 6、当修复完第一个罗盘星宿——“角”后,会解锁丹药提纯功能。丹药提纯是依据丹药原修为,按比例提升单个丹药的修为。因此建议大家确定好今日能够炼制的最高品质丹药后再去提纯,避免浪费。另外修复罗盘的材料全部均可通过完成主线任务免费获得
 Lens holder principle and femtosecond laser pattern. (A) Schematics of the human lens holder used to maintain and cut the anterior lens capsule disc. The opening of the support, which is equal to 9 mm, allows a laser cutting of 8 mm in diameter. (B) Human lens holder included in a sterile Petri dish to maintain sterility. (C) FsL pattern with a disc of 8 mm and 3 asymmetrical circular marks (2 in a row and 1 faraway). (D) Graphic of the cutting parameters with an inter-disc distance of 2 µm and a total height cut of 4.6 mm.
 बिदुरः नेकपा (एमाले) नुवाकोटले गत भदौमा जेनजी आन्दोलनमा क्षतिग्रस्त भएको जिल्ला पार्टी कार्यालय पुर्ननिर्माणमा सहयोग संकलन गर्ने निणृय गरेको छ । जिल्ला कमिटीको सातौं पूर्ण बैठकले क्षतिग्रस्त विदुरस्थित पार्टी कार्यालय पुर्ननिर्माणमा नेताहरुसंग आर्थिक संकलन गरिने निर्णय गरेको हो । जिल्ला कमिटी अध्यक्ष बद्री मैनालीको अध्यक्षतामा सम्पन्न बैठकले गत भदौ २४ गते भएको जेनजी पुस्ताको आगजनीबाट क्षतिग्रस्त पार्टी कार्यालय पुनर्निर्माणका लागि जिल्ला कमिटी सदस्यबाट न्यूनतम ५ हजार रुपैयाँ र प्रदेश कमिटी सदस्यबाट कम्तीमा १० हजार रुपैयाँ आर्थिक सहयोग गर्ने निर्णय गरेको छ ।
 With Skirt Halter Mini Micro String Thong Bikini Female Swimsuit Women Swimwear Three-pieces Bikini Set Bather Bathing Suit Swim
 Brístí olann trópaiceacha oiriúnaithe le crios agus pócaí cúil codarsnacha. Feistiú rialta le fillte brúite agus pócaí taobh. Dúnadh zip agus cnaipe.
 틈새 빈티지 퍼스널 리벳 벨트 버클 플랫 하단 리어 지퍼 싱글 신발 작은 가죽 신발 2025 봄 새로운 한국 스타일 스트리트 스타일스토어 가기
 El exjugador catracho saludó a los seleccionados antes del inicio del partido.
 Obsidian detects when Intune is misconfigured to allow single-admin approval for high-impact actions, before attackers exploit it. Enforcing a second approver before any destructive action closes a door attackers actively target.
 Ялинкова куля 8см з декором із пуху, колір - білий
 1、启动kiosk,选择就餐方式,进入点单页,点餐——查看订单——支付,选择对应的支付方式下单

### The problem
Taking the line that contains "Obsidian detects when" as the first and the last line of the material as the final one, transcribe that span exactly and include nothing else.

### Your solution
 Obsidian detects when Intune is misconfigured to allow single-admin approval for high-impact actions, before attackers exploit it. Enforcing a second approver before any destructive action closes a door attackers actively target.
 Ялинкова куля 8см з декором із пуху, колір - білий
 1、启动kiosk,选择就餐方式,进入点单页,点餐——查看订单——支付,选择对应的支付方式下单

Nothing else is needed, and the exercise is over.